Un jour, Jonathan Noël croise un pigeon dans le couloir en sortant de chez lui et là, c’est le drame. Jonathan Noël est un sorte de Bartelby franco-allemand, qui n’est donc pas anglais, donc pas Bartelby du tout, il would prefer très fort ne jamais avoir croisé ce maudit pigeon, horresco referens, mais c’est le même genre d’existence bien rangée jusqu’à ce que tout parte en vrille, sans qu’on comprenne très bien comment ni pourquoi, et de manière semble-t-il irrémédiable. Tout cela est absurde et en même temps trépidant d’une manière qui contredit la veine héroï-comique. On referme le court livre en se demandant ce qu’il nous est arrivé.

Un détail amusant : je me suis aperçue qu’imaginant la chambre de bonne de ce cher Jonathan Noël, je reprenais le même immeuble imaginaire que pour La Vie, mode d’emploi de Pérec — un mélange de l’ancien appartement de mon amie A. à Paris et de celui de ma psy. Vous aussi, vous avez des appartements témoins pour vos lectures ?

Merci à  pour la recommandation

Non mais cet incipit…

Lorsque lui arriva cette histoire de pigeon qui, du jour au lendemain, bouleversa son existence, Jonathan Noël avait déjà passé la cinquantaine, il avait derrière lui une période d’une bonne vingtaine d’années qui n’avait pas été marquée par le moindre événement, et jamais il n’aurait escompté que pût encore lui arriver rien de notable, sauf de mourir un jour. Et cela lui convenait tout à fait.
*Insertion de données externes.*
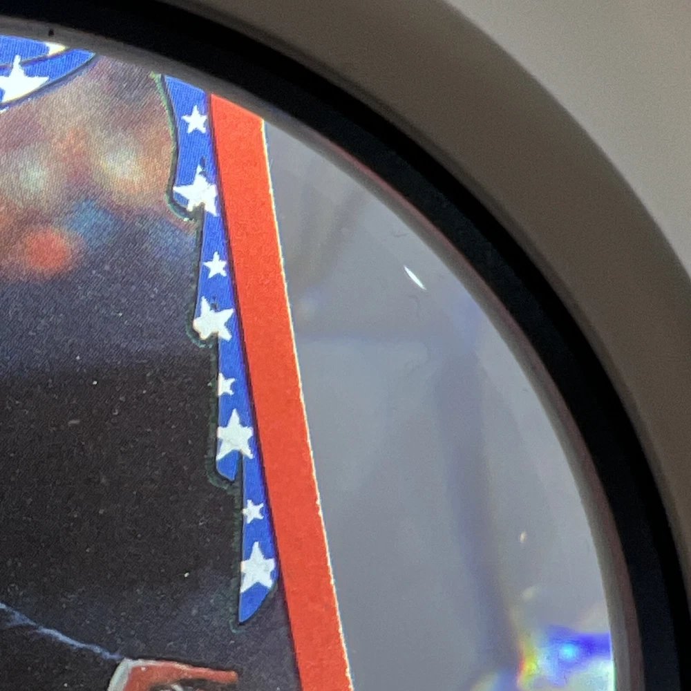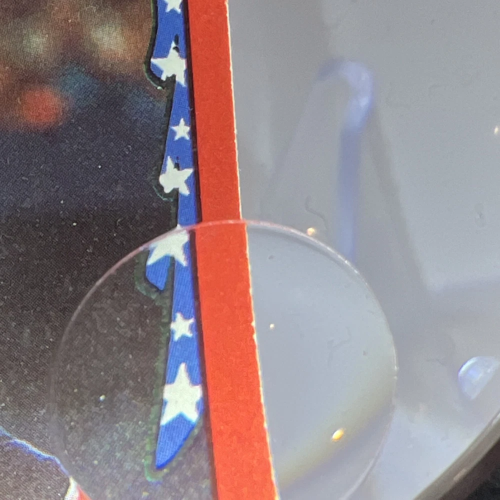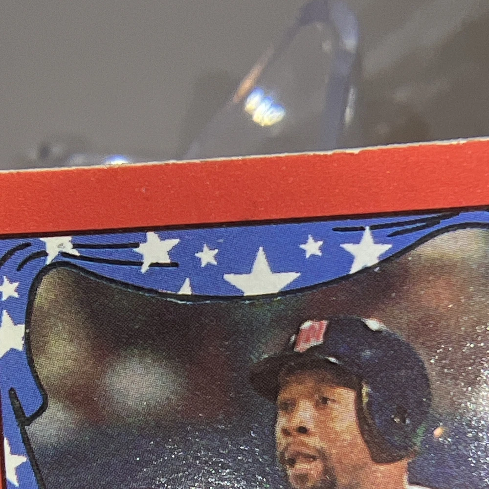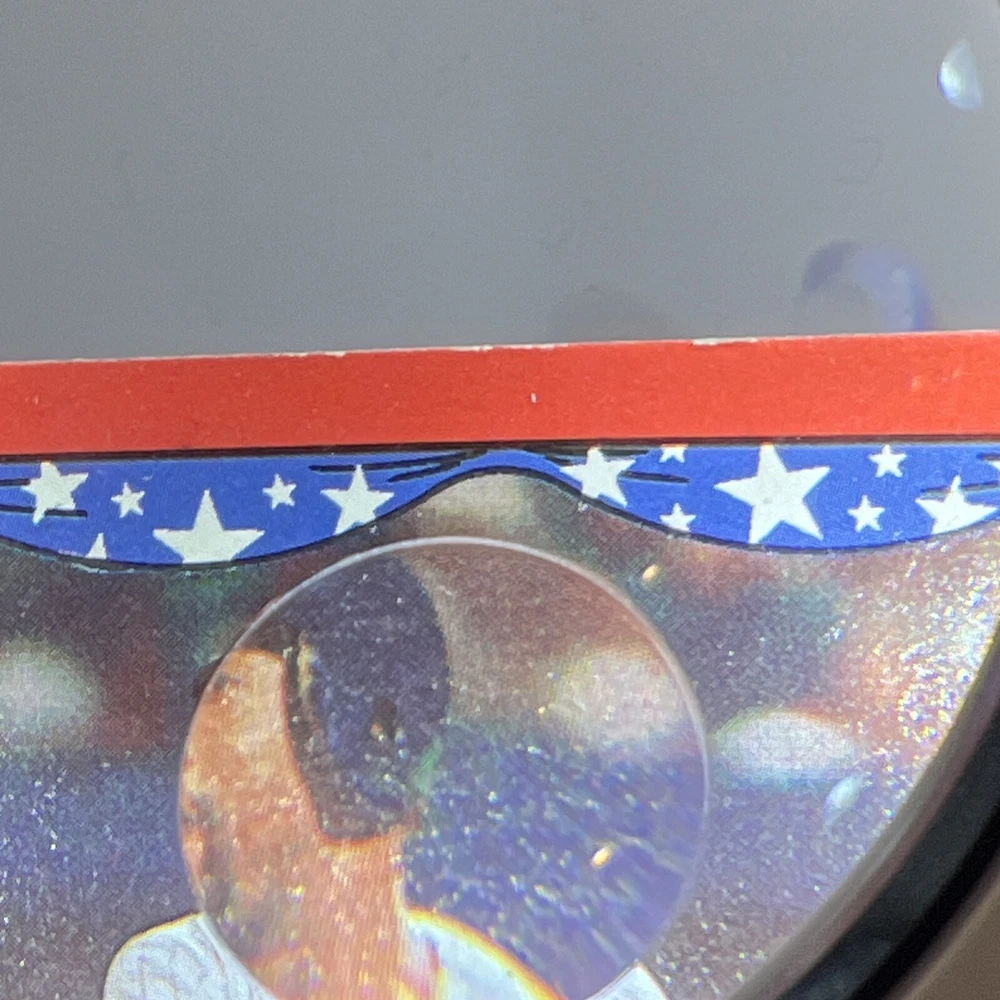 Card has some ink print errors around the blue flag and stars. Green ink stars over lapping the borer.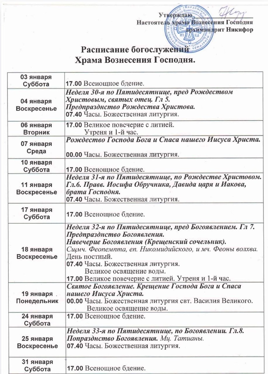 03-31.01. Расписание богослужений в храме Вознесения Господня г. Иваново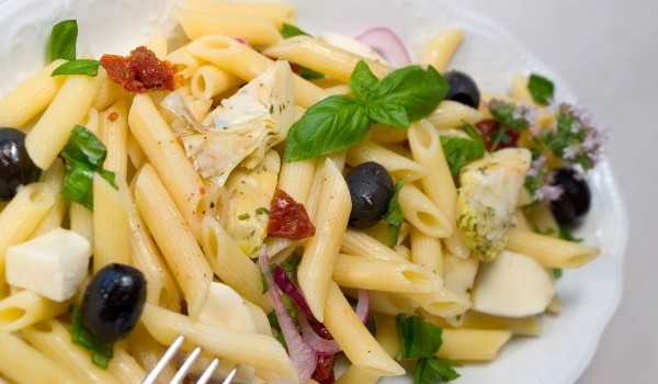 Сварете пастата според указанията на опаковката, след което я изплакнете под студена вода. Добавете към нея маслините, нарязаните на кубчета сирена, нарязания на тънки полумесеци лук и добре отцедени...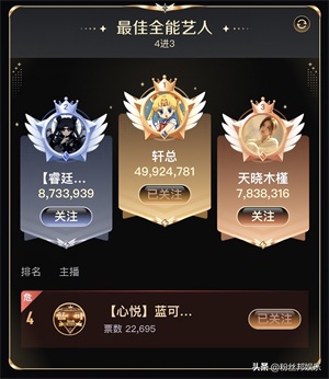 在分组赛中,兰梦莎以超越同组对手数倍的差距成功夺冠“最佳全能艺人”冠军,这阵势必然是奔着“TOP1”头衔去的。
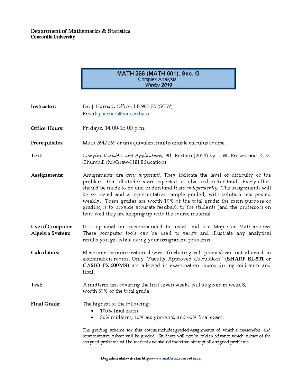 MATH 366 : Complex Variables I - Athabasca University, Athabasca

Il était posé devant sa porte, à moins de vingt centimètres du seuil, dans la lumière blafarde du petit matin qui filtrait par la fenêtre. Il avait ses pattes rouges et crochues plantées sur le carrelage sang de boeuf du couloir, et son plumage lisse était d’un gris de plomb : le pigeon.

Une sorte de sphinx, voila comment Jonathan — qui, en effet, avait lu un jour quelque chose sur les sphinx dans l’un de ses livres — voyait le vigile : une sorte de sphinx. Son efficacité ne tenait pas à quelque action, mais à sa simple présence physique.

Il est des questions qui impliquent une réponse négative, du simple fait qu’on les pose. Et il est des demandes dont la parfaite inutilité éclate au grand jour, lorsqu’on les formule en regardant quelqu’un d’autre dans les yeux.

Il n’était pas homme à cela […] non parce qu’un tel crime lui aurait paru moralement répréhensible, mais tout simplement parce qu’il était absolument incapable, que ce fût par les actes ou par les mots, de s’exprimer. Il n’était pas fait pour agir, mais pour subir.

Toute espèce de perception , la vue, l’ouïe, le sens de l’équilibre, tout ce qui aurait pu lui dire où il était et ce qu’il était lui-même, tout cela sombrait dans le vide total de l’obscurité et du silence.